CLINICAL RESEARCH

DOI: 10.4244/EIJV12I1A13

Transcatheter aortic valve implantation with the NVT Allegra transcatheter heart valve system: first-in-human experience with a novel self-expanding transcatheter heart valve

Peter Wenaweser1*, MD; Stefan Stortecky1*, MD; Torsten Schütz2, MD; Fabien Praz1, MD; Steffen Gloekler1, MD; Stephan Windecker1, MD; Albrecht Elsässer2, MD

Abstract

Aims: We aimed to demonstrate the feasibility and investigate the safety of a novel, self-expanding transcatheter heart valve in a selected patient population with severe aortic stenosis.

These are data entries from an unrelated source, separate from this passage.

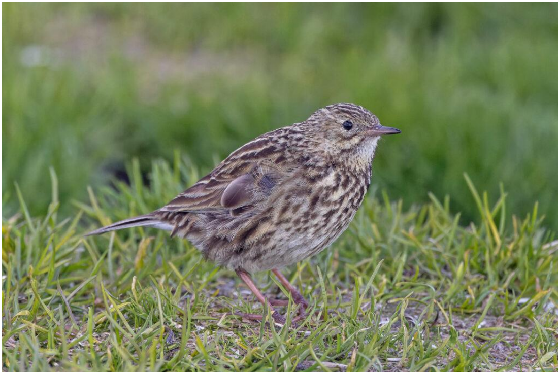
South Georgia Pipit
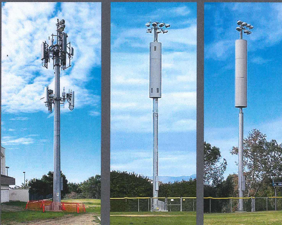
Existing Cell Towers at Calavera Hills Park

This is what we are trying to prevent from being installed next door at Poinsettia Park.
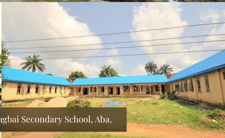
Ongoing reconstruction of Umuagbai Secondary School, Aba.
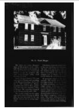
Daniel Morgan (Photographs Fold. 010 Photo 18.23)
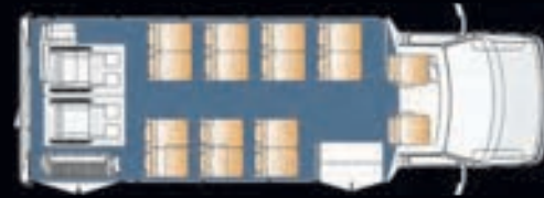
15 Passenger Plus 2 Wheelchair Positions Plus Foldaway
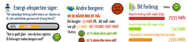
Figure 3. Messages in Power Advisor.

Power Advisor integrates personalized information for the user through a messaging service. All messages are placed in the Inbox and we use three different types of persuasive messages– (i) expert advice, (ii) community behaviour, and (iii) personal consumption performance.
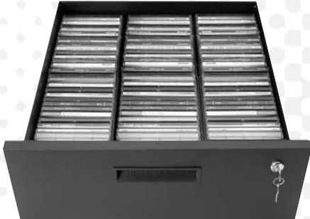
DR-4 with CD-4 4U Pullout Drawer with 3 CD Holders (up to 90 CDs)

KAE Corporation offers the broadcast engineer two versions of pullout work surfaces. Both units occupy 1 rack unit (1.75") of space. The Pullout Shelf is a metal shelf/work surface that allows the customer to have a ready surface to work on that is easily pushed back into the rack. The Pullout Laminate Work Surface provides a quality work area for the customer. This unit has an attractive laminated 3/4" furniture grade surface. Both units provide an ideal workspace that when fully extended is 16". The rack slides have a positive lock out when fully extended. The capacity of each unit is 50 pounds when fully extended. Also, both units fit all 19" EIA racks from 23-30" deep.
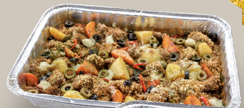
Cheesy Baked Caldereta

Mango Sticky Palitaw 1,050 Pineapple Basil Loaf 1,625
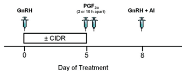
Figure 1: Experimental Design

Day 0: All cows received 100 µg of GnRH (Cystorelin®, Merial, Duluth, GA) and half of the cows received a controlled intravaginal drug releasing device (CIDR®, Pfizer Animal Health, New York, NY; 5 day CO-Synch + CIDR; n = 281) while the remaining cows did not receive a CIDR (5 day CO-Synch; n = 281).
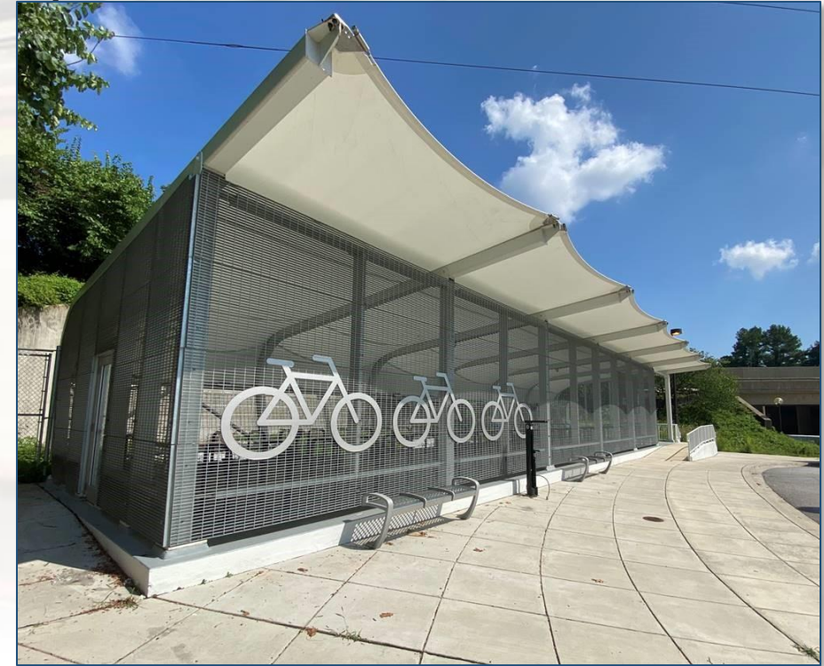
Bike & Ride at East Falls Church metro station
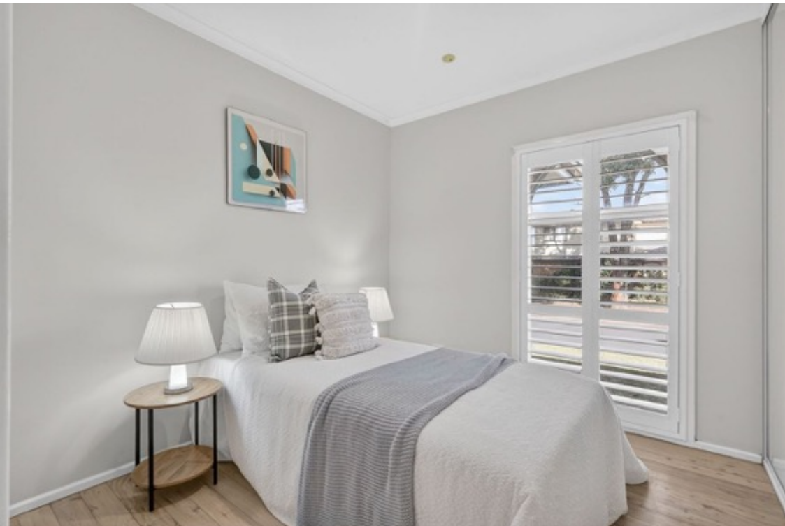
Example front mid section bedroom area above.
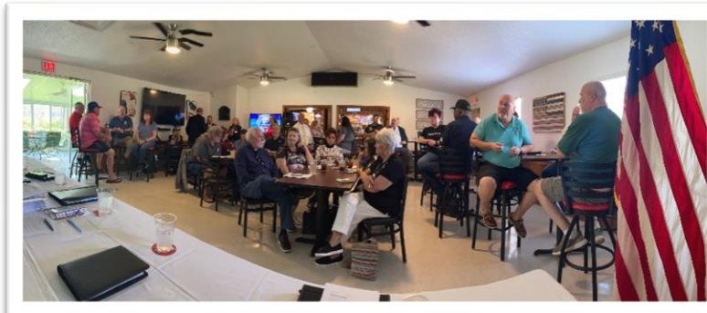
Metro District Members attending the DDGER and VP Clinics on April 13 th
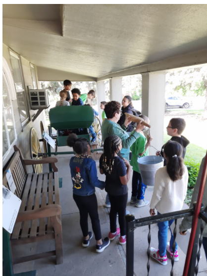
Carriage & Yoke

Students participated with parents at four stations outside the museum. They learned how early school sites were often donated by local farmers. They compared farming practices of Native Americans and early farmers. They tried children's farm chores. A visit to the oldest item on the museum grounds, a gift of the glaciers, was a big hit before they moved on to the archeological dig. Finding objects, natural and manmade, told the story of their past. The arrowheads, animal bones, seeds, stones, flatware, buttons, and other artifacts led to more inquiries. Inside the museum they discussed what they found, what it may have been used for, and how it ended up in the dig site. Questions expanded beyond the time limit. "We can't wait to do it again!" Carol Fink and Linda Kidd.
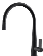
MGKATP40 G40 8031873104467

Methods and results: Between January and September 2013, a total of 21 patients with symptomatic severe aortic stenosis were eligible for transcatheter aortic valve implantation (TAVI) with the self-expanding NVT Allegra bioprosthesis (New Valve Technology, Hechingen, Germany) at two cardiovascular centres. Patients were elderly (age 83.8±4 years), predominantly female (95.2%), and all were considered to be at prohibitive risk for surgical aortic valve replacement (logistic EuroSCORE 30.4±11%). Procedural and device success was achieved in 95.2% and 85.7%, respectively. Echocardiographic assessment at discharge showed favourable haemodynamic results with a reduction of the mean transvalvular aortic gradient from 48.0±21 mmHg to 8.9±3 mmHg. In the majority of patients (90.5%), none or trace aortic regurgitation was recorded. Permanent pacemaker implantation was required in 23.8% of patients within the first 30 days of follow-up. Apart from one procedural death, no other serious adverse events were observed during the periprocedural period. TAVI with the NVT Allegra system was highly effective in alleviating symptoms and reducing NYHA functional class at 30-day follow-up.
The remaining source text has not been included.